The Division Bench comprising Justice Attau Rahman Masoodi and Justice Subhash Vidyarthi of the Allahabad High Court (“HC”), in its judgment dated 17.07.2025, in Suez India Private Limited v. U.P. Pollution Control Board, (WRIT - C No. - 4816 of 2024 and 152 connected writ petitions, Neutral Citation No. 2025 AHC-LKO:40756-DB) (“Suez India Case”) allowed a batch of writ petitions and held that the State Pollution Control Board (“PCBs”) has no authority to impose environmental compensation on any person or industry. The HC ruled that the exclusive adjudicatory jurisdiction to determine and award environmental compensation vests in the National Green Tribunal ("NGT").

FACTUAL BACKGROUND

A group of over 152 (One hundred and fifty two) writ petitions were instituted by various industries, including Suez India Private Limited, numerous brick works and kiln operators, cement industries, frozen food companies, dyeing units, and other industrial establishments in Uttar Pradesh, challenging the validity of orders passed by the U.P. Pollution Control Board ("UPPCB"), which had directly imposed environmental compensation upon several industrial units. The compensation was purportedly levied under the Water (Prevention and Control of Pollution) Act, 1974 ("Water Act") and the Air (Prevention and Control of Pollution) Act, 1981 ("Air Act").

The central question before the HC was whether UPPCB had the authority to impose and recover environmental compensation directly from such industries without approaching the NGT. The petitions thus sought judicial scrutiny of what was described as an act of "administrative overreach" by the UPPCB and requested for a clarification on the scope and validity of such environmental compensation orders.

CONTENTIONS OF THE PETITIONERS

The counsel for the petitioners contended that neither the Water Act nor the Air Act, nor any other statutory framework, confers upon the UPPCB the authority to adjudicate, impose, or recover environmental compensation. They submitted that the National Green Tribunal Act, 2020 (“NGT Act”) and the National Green Tribunal Rules, 2011 (“NGT Rules”) make it manifest that the legislature has conferred the jurisdiction to adjudicate the claims regarding payment of compensation for causing environmental damage upon the NGT, which has been constituted as an expert body. The NGT Act is a complete code in itself which has been enacted for adjudication of claims relating to compensation for any damage caused to the environment. It was further submitted that the functions of the PCBs under Section 17 of the Water Act were limited to preventive, regulatory, and advisory roles, and did not extend to adjudicating liability or quantifying compensation.
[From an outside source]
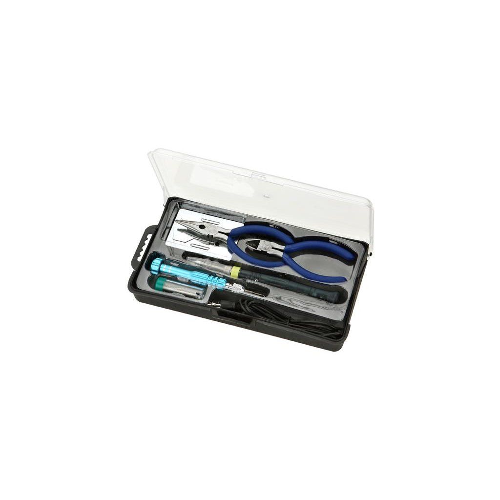 - sada obsahuje: pájka s kalafunou, šroubovák s měnitelnými nástavci, tenké kleště 5", štípací kleště 4,5", USB páječka 5V /8W, kovový stojan

Relying on numerous precedents, they argued that such a jurisdiction can be conferred by a statute alone and it cannot be conferred by any Court or Tribunal, not even by the Supreme Court of India.

The petitioners also relied upon Delhi Pollution Control Committee v. Splendor Landbase Limited, (2012 SCC OnLine Del 400), ("Splendor Landbase Case") wherein it was held that the PCBs cannot themselves impose penalties and must approach the competent authority or tribunal. They further argued that while Sections 33-A of the Water Act and 31-A of the Air Act empower PCBs to issue directions, such powers are strictly administrative or preventive in nature and do not encompass adjudicatory functions such as levying compensation.

CONTENTIONS OF THE U.P. POLLUTION CONTROL BOARD:

On behalf of the UPPCB, it was argued that it was empowered under Section 33-A of the Water Act and Section 31-A of the Air Act to issue directions to any person, and such power include the authority to direct payment of environmental compensation. It was further submitted that as appeals against such directions lie to the NGT under Section 33-B of the Water Act, Section 31-B of the Air Act, and Section 16 of the NGT Act, the NGT's role is appellate and not original in this respect.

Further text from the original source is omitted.